Korolev stepped back out from the alley. “Maya says Yvonne paid off her tab tonight. That's why they started serving her again.”

“When?”

“Just after the shuttle landed.”

Theresa's eyes rolled. “And she paid cash or some other untraceable barter, I bet.”

Korolev nodded. “All cash.”

“Of course.”

“You think she stole it?”

Theresa shook her head. “No. Hallstead's history means she knows we're keeping a close eye on her, it wouldn't be worth the risk. I think an anonymous donor chose tonight to mint themselves a loyal patriot. Probably more than one of them.”

“The person who hired on her services as a contractor?”

“That would make sense,” Theresa said.

“Why, though?”

“That's the question, isn't it? C'mon, we both need to sleep.”

“You go on ahead, chief. I'm going to walk Maya home.”

Theresa cocked an eyebrow. “Are you now?”

“It's not like that. She's a little shook up from the protests and wants an escort back to her house is all.”

Theresa smiled and put a hand on his cheek. “Pavel, you're adorable. A little thick, but adorable. Just make sure once you're done ‘escorting' her that you actually get some sleep tonight, OK?”

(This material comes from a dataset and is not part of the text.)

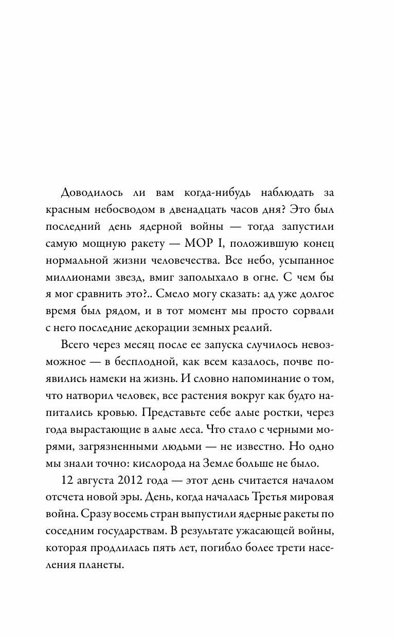 Честно очень заинтересовала аннотация с автором знакомилась впервые. Как антиутопия книга действительно слабовата, но возможно тут упор был больше на YA, но то как проработан сюжет мне не понравилось, очень много «воды» в тексте, полного описания окружающего мира, последствий катастрофы и как в них вписывается главная героиня я не получила, возможно ожидала большего. Но честно не зашла книга.

“OK…” Korolev said uncertainly. “Goodnight, chief.”

“Goodnight.” She watched him return to the back entrance, then turned and walked down the wide radial street toward the Beehive. There was end-of-shift paperwork to submit. Funny, she thought, the only paper she'd ever seen was in the museum, but the name still stuck. Even out here, trillions of miles from the world of their birth, humans were still creatures of habit.

She'd picked up a few of her own habits over the years. Theresa had been a constable for most of her adult life before taking over as chief so her husband could go play ball with kids of all ages. It was a pretty good arrangement, actually. Coaching suited his temperament better, since shouting at the top of one's lungs wasn't only tolerated, but expected. Bryan had many fine qualities, but Zen-like calm was not among them. Besides, she'd been angling for the job since before they'd started dating. It was one of the reasons they'd started dating, if she was going to be honest with herself.

After more than a decade in law enforcement, Theresa felt like she had good habits. First among them was knowing the only way to let out the pus was to keep picking at the scab. Tomorrow, once she'd had a chance to sober up, she was going to have a chat with dear Yvonne Hallstead and see if she could find out who her new benefactor was.

Second among her habits was knowing how to keep her inquiries quiet until she had enough evidence. But that required people who understood the need for discretion. On a whim, Theresa turned away from the path to the Beehive and headed down one of the concentric roads, to the high-rent housing district.